Could you restate word for word only the lines below from the one holding "La Asociación Cultural" to the one holding "Pinkish-buff clay. | |", inclusive, and leave out the pictures?
::: Data to examine :::
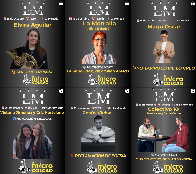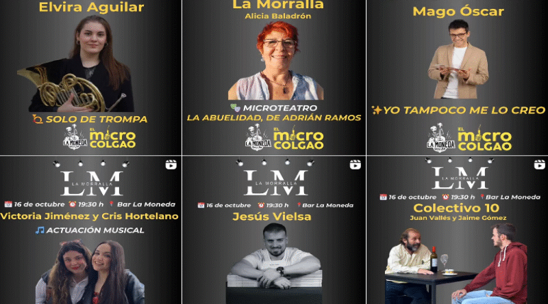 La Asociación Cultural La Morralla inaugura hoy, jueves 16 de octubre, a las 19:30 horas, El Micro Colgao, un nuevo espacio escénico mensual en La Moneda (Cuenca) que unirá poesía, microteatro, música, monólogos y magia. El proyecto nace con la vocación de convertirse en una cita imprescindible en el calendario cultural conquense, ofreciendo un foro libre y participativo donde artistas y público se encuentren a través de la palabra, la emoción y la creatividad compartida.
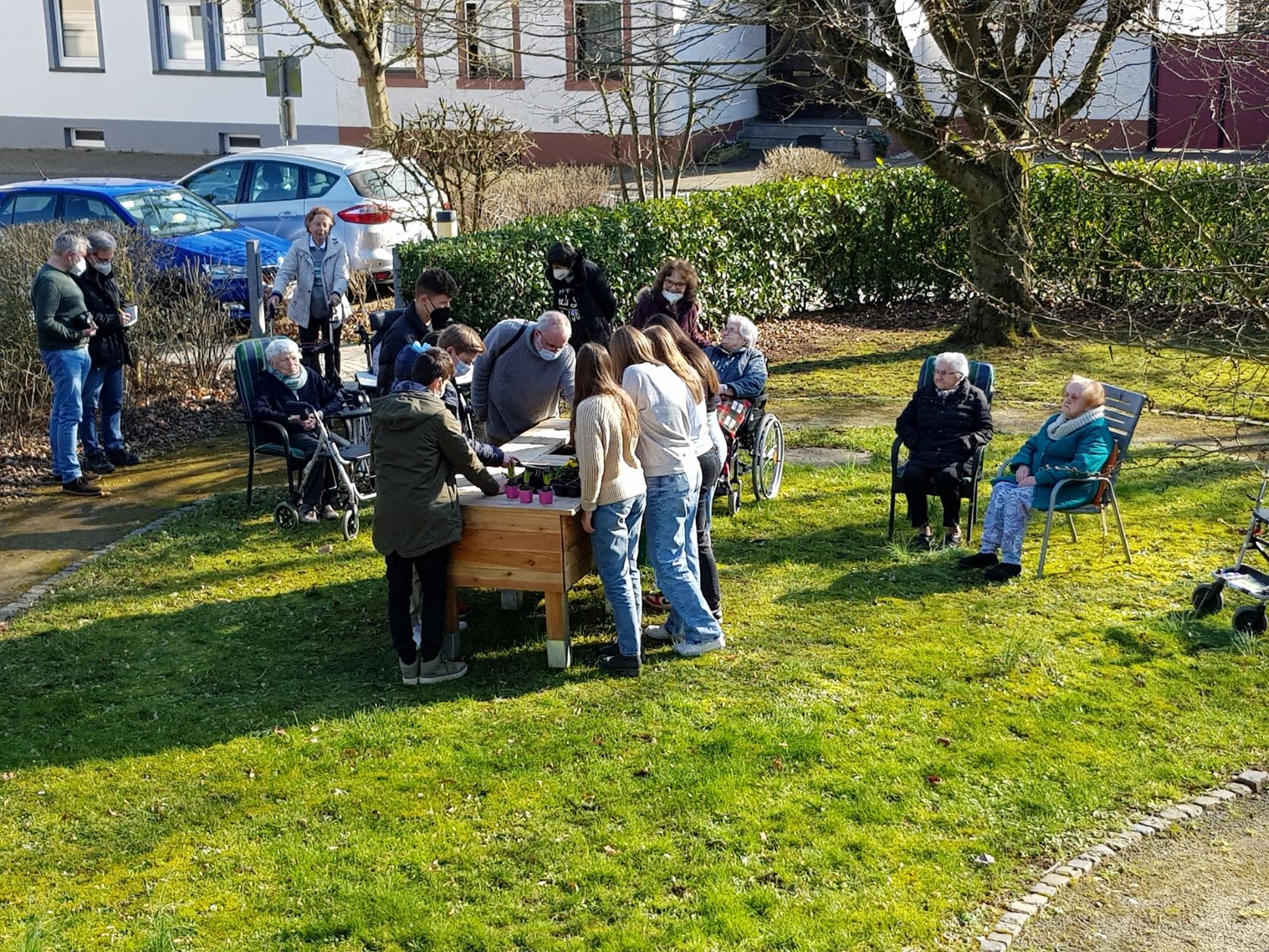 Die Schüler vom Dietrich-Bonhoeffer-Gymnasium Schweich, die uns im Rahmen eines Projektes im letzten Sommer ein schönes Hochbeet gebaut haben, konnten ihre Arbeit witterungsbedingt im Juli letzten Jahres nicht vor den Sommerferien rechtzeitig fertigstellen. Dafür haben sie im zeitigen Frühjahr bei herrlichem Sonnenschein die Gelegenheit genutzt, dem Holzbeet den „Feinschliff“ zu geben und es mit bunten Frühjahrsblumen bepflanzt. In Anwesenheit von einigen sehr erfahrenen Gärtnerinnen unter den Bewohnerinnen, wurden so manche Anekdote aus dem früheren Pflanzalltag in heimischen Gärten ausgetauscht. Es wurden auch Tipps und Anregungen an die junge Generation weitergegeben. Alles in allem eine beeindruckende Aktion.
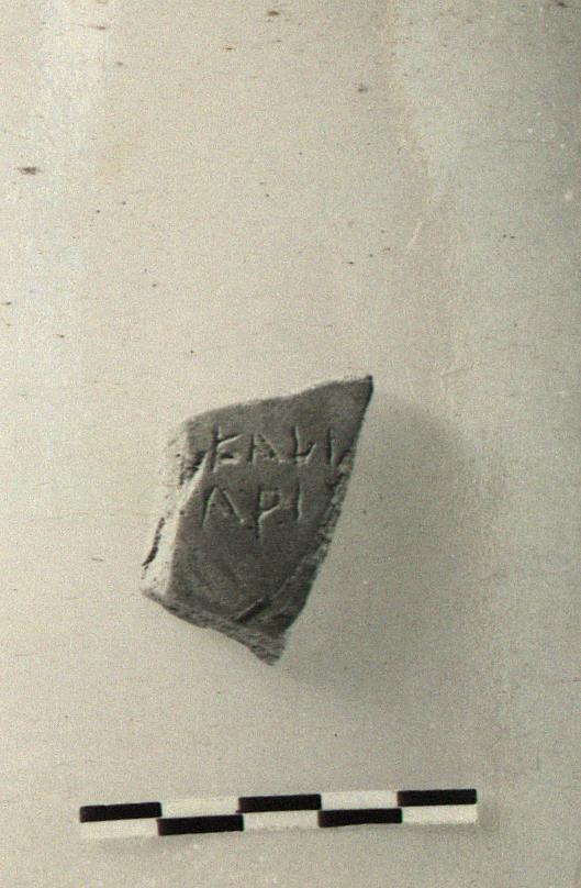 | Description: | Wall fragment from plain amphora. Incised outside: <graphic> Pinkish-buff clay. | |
:::
::: Data to examine :::
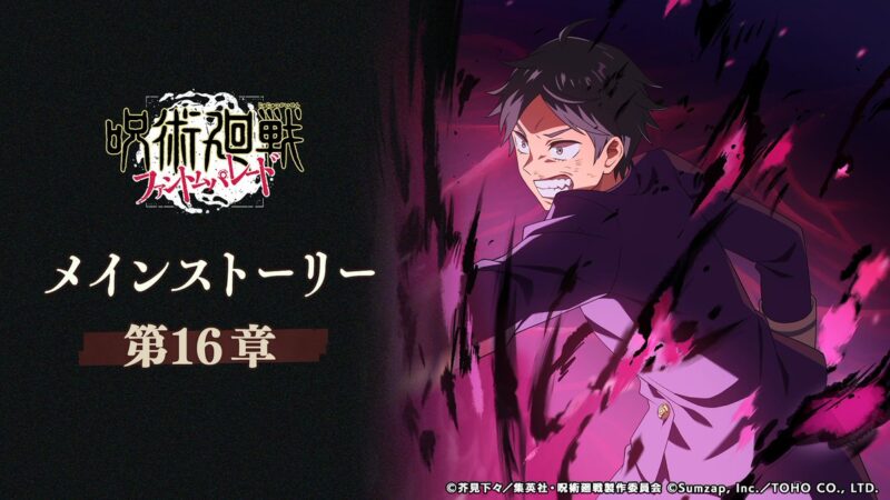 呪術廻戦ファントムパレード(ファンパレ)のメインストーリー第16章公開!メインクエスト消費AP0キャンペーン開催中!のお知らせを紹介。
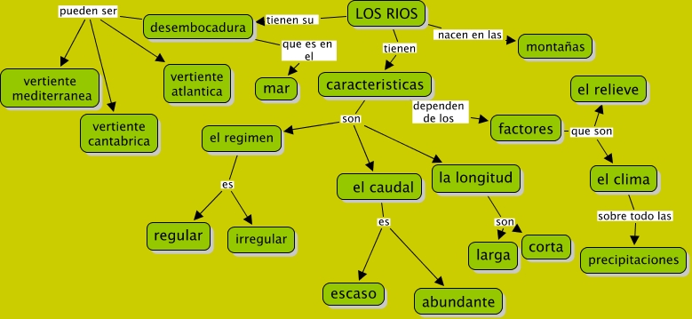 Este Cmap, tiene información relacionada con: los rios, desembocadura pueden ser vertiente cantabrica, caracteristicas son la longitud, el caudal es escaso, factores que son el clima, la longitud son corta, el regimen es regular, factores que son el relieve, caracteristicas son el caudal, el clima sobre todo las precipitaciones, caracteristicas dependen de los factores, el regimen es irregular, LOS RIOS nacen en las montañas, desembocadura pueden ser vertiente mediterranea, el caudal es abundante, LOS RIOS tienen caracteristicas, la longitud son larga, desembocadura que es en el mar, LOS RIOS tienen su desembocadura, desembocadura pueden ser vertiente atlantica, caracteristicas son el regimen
:::
→ Task answer:
 La Asociación Cultural La Morralla inaugura hoy, jueves 16 de octubre, a las 19:30 horas, El Micro Colgao, un nuevo espacio escénico mensual en La Moneda (Cuenca) que unirá poesía, microteatro, música, monólogos y magia. El proyecto nace con la vocación de convertirse en una cita imprescindible en el calendario cultural conquense, ofreciendo un foro libre y participativo donde artistas y público se encuentren a través de la palabra, la emoción y la creatividad compartida.
 Die Schüler vom Dietrich-Bonhoeffer-Gymnasium Schweich, die uns im Rahmen eines Projektes im letzten Sommer ein schönes Hochbeet gebaut haben, konnten ihre Arbeit witterungsbedingt im Juli letzten Jahres nicht vor den Sommerferien rechtzeitig fertigstellen. Dafür haben sie im zeitigen Frühjahr bei herrlichem Sonnenschein die Gelegenheit genutzt, dem Holzbeet den „Feinschliff“ zu geben und es mit bunten Frühjahrsblumen bepflanzt. In Anwesenheit von einigen sehr erfahrenen Gärtnerinnen unter den Bewohnerinnen, wurden so manche Anekdote aus dem früheren Pflanzalltag in heimischen Gärten ausgetauscht. Es wurden auch Tipps und Anregungen an die junge Generation weitergegeben. Alles in allem eine beeindruckende Aktion.
 | Description: | Wall fragment from plain amphora. Incised outside: <graphic> Pinkish-buff clay. | |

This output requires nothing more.